The file looks something like this:

[
    [
        "Name: Dr. Laura Oana Petrov and Prof. Dr. Nobukazu Nakagoshi\nInstitution: Graduate School for International Development and Cooperation Division of\nDevelopment Science, Hiroshima University, Higashi\u0096Hiroshima, Japan\nContact address: [email protected]\nFig. 1. The location of study area\nFig. 2. Land use maps of the study area, between 1968-1995\n13\n\n13\n\n6 2 2\n4\n3\n2\n\n3\n16\nLegend\n63\n6\nResident\nScho\n65\n2 6 Commerc\nIndustri\n66\nRoa\n2\nOpen\n1968 Par\nRecreati\n1988 Villa\nOth\n1995 Constructi\nPaddy\nBefore paddy\nOrcha\nGrassla\nFore\nWat\n\n\n\n\nFig. 3. Change of land use proportions in the greenbelt of\nHiroshima City,between 1968-1995\nFig. 4. The dynamics of land use in Hiroshima greenbelt,\nbetween 1968-1988\nFig. 5. The dynamics of land use in Hiroshima greenbelt,\nbetween 1988-1995",
        222.7347869873047
    ],
    ...
]

where the first component is the chunk retrieved and the second one is the score (the higher, the more relevant).

Build the prompt

Once we have the results, we can build the prompt. We have a context we need to build (with the data retrieved above), and the already defined question.

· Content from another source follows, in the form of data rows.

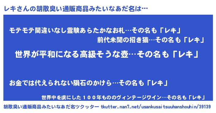 | ヘコむあだ名 | 『なまこ酢』『レキにゅー』『レキお』 |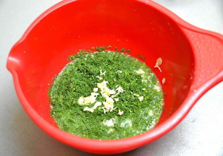 Из зубчиков чеснока делаем кашицу, натирая его на малой мелкой терке, при помощи чеснокодавилки и ножом. Пучок свежего укропа тоже нарезаем мелко.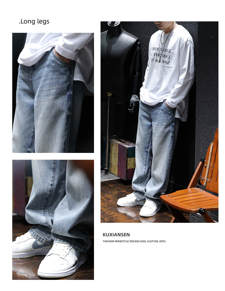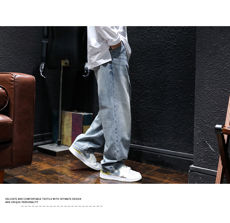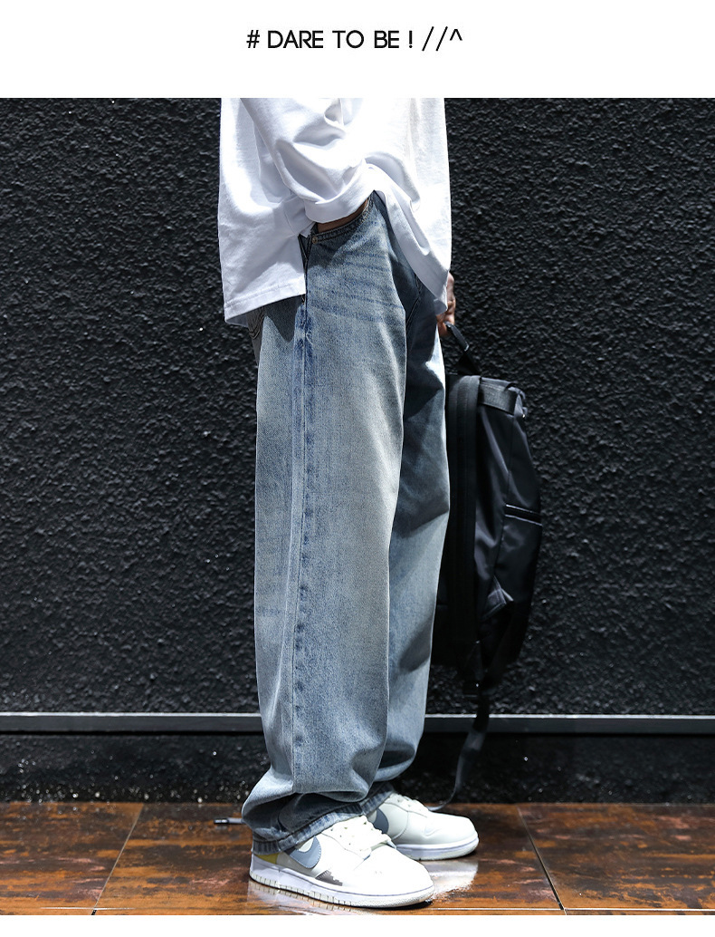 봄과 여름 밝은 색상 간단한 스트레이트 청바지 남자의 봄과 가을 느슨한 유행 브랜드 바지 소년 넓은 다리 유행 바지스토어 가기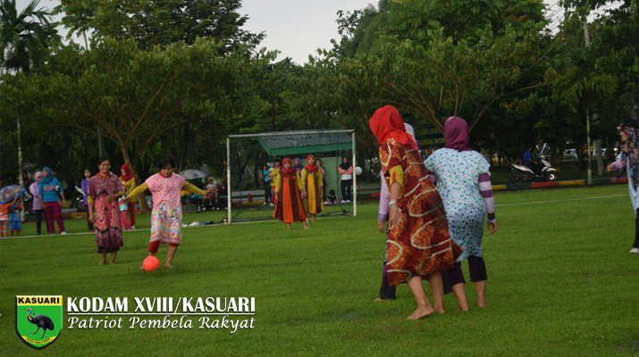Kegiatan sepak bola menggunakan daster yang dilaksanakan oleh ibu – ibu persit kartika chandra kirana cabang XXIX Yonif 752 ini merupakan salah satu dari rangkaian lomba – lomba yang diadakan dalam rangka menyambut HUT Persti ke-71 Tahun 2017.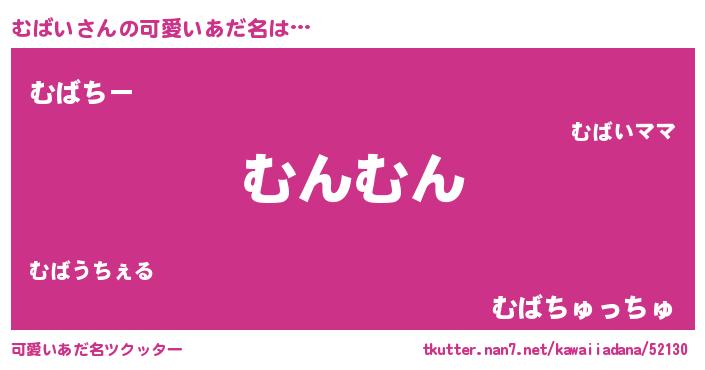 | 2回繰り返すあだ名 | 『むばむば』『むむばば』『ふかふか』 |

The context is:

# Build the context for the prompt
context = "\n".join(
    [line_with_distance[0] for line_with_distance in retrieved_lines_with_distances]
)

The user prompt I have defined is:

USER_PROMPT = f"""
Use the following pieces of information enclosed in <context> tags to provide an answer to the question enclosed in <question> tags.
<context>
{context}
</context>
<question>
{QUESTION}
</question>
"""

Ask the question

Now we have the prompt which contains all information we need. We can ask the question to the system. I'm using Ollama with LLAMA3:latest (you can change it to other models like Mistral). The code is quite straight forward:

# Get it into the chat
from langchain_community.chat_models import ChatOllama
from langchain_core.output_parsers import StrOutputParser
from langchain_core.prompts import ChatPromptTemplate

llm = ChatOllama(model="llama3:latest", base_url="http://10.0.0.35:11434")
prompt = ChatPromptTemplate.from_messages(messages=[("system", SYSTEM_PROMPT),("human", user_prompt)])

chain = prompt | llm | StrOutputParser()
print("-------------------------")
print(chain.invoke({}))
print("-------------------------")

The result looks like this:

Based on the provided context, the practical use of the research appears to be the application of greenbelt planning concept to manage and sustainably develop urban-rural landscapes. The study aims to provide a better understanding of historical landscape changes and their possible effects on present-day landscape changes, with a focus on finding sustainable land-use patterns.

The research highlights the importance of monitoring land-use changes and relating them to national policies, regional developments, and agricultural decision-making. By analyzing the dynamics of land-use change in Hiroshima's greenbelt, the study aims to contribute to the development of effective spatial policies that balance urban and rural landscape needs.

Practically, the findings can be used to inform policymakers, planners, and stakeholders involved in urban-rural development, helping them make more informed decisions about land-use management. The research can also serve as a model for other cities facing similar challenges, providing insights into how greenbelt planning can be effectively implemented to promote sustainable development.

This result does look OK to me, but I guess it's up to you to read the research paper in question and see if it's relevant.

Note: The research paper I tried the system with is:

Laura Oana Petrov and Nobukazu Nakagoshi
The Use of GIS for Assessing Sustainable Development of Urban Regions in Japan
The Case Study, Hiroshima City

Is it any good?

Well, for the one document (as a toy project) is good enough ™. The more important aspect is that it's fast, runs locally on your machine (if you have a Nvidia GPU), and allows you to play easily and fine tune the RAG and the prompt aspects.